Since joining Stanford,he has served as Associate Dean of Humanities and Sciences,Chair of the Classics Department,and Director of the Social Science History Institute. He was one of the founders of the Stanford Archaeology Center and has served two terms as its director. [6] He has published extensively on the history and the archaeology of the ancient Mediterranean and on world history. He has also won a Dean's Award for Excellence in Teaching in 2009. [7]
Between 2000 and 2007,he directed Stanford's excavation at Monte Polizzo,Sicily,Italy. [6]
He has been awarded research fellowships from the John Simon Guggenheim Memorial Foundation,Hoover Institution, [8] National Endowment for the Humanities, [6] Center for Hellenic Studies in Washington,D.C., [9] and Institute for Research in the Humanities,University of Wisconsin-Madison. [9] He is also a Corresponding Fellow of the British Academy and has been awarded honorary degrees by De Pauw University and Birmingham University.

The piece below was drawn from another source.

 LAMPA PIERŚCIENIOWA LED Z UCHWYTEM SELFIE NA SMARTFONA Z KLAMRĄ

In 2012 his work was the subject of a lengthy profile in the Chronicle of Higher Education . [10] He delivered the Tanner Lectures on Human Values at Princeton University in 2012. [11]
Ian Morris plans to develop his views on the first-millennium BC transformations (the shift from religion-based power to bureaucratic and military one,and the rise of Axial thought) in his new book. [12]

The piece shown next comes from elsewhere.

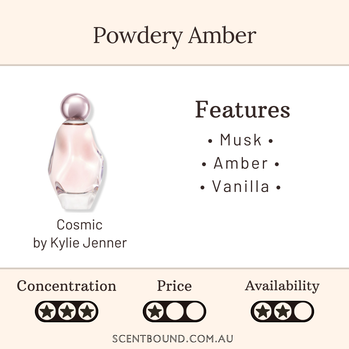 Description: cosmic kylie jenner is a sweet, warm floral, elevated scent that is perfect for day and night. an ambery floral eau de parfum, the scent is magnetic, addictive, and out of this world. the sculptural bottle was designed to look like a piece of art from another world and is formed to fit perfectly in the palm of your hand.

His 2010 book, Why the West Rules—For Now, compares East and West across the last 15,000 years, arguing that physical geography, rather than culture, religion, politics, genetics, or great men, explains Western domination of the globe. The Economist has called it "an important book—one that challenges, stimulates and entertains. Anyone who does not believe there are lessons to be learned from history should start here." [13] The book won several literary awards, including the 2011 PEN Center USA Literary Award for Creative Nonfiction, [14] and was named as one of the books of the year by Newsweek, [15] Foreign Affairs, [16] Foreign Policy, [17] The New York Times, and a number of other newspapers. It has been translated into 13 languages.

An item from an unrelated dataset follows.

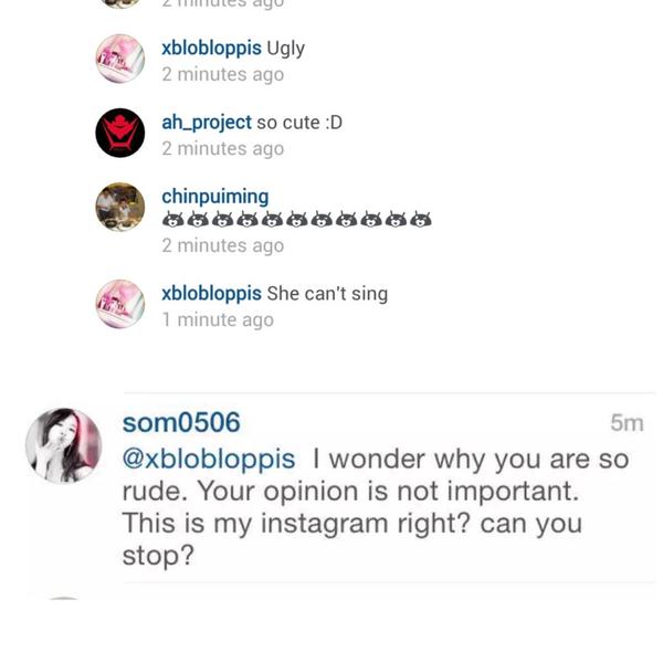 In response, Dasom wrote in English, “I wonder why you are so rude. Your opinion is not important. This is my Instagram right? Can you stop?”

The Measure of Civilization is a companion volume to Why the West Rules—For Now. It provides details of the evidence and the statistical methods used by Morris to construct the social development index that he used in Why the West Rules to compare long-term Eastern and Western history. The International Studies Association and Social Science History Association devoted panels to discussing the book at their 2013 annual meetings. The book is being translated into Chinese.
War! What is it Good For?: Conflict and the Progress of Civilization from Primates to Robots was published by Farrar, Straus & Giroux in the US and Profile Books in Britain in April 2014. [18] [19] [20] [21] Morris argues that there is enough evidence to trace the history of violence across many thousands of years and that a startling fact emerges. For all of its horrors, over the last 10,000 years, war has made the world safer and richer, as it is virtually the only way that people have found to create large, internally pacified societies that then drive down the rate of violent death. The lesson of the last 10,000 years of military history, he argues, is that the way to end war is by learning to manage it, not by trying to wish it out of existence. Morris also devotes a chapter to the 1974–1978 Gombe Chimpanzee War in Tanzania. The German translation of the book, Krieg: Wozu er gut ist, was published by Campus Verlag in October 2013. A Dutch translation was published in 2014 by Spectrum (Houten/Antwerp): Verwoesting en vooruitgang. Its Spanish translation was released in 2017, edited by Ático de Libros, under the title Guerra, ¿para qué sirve?.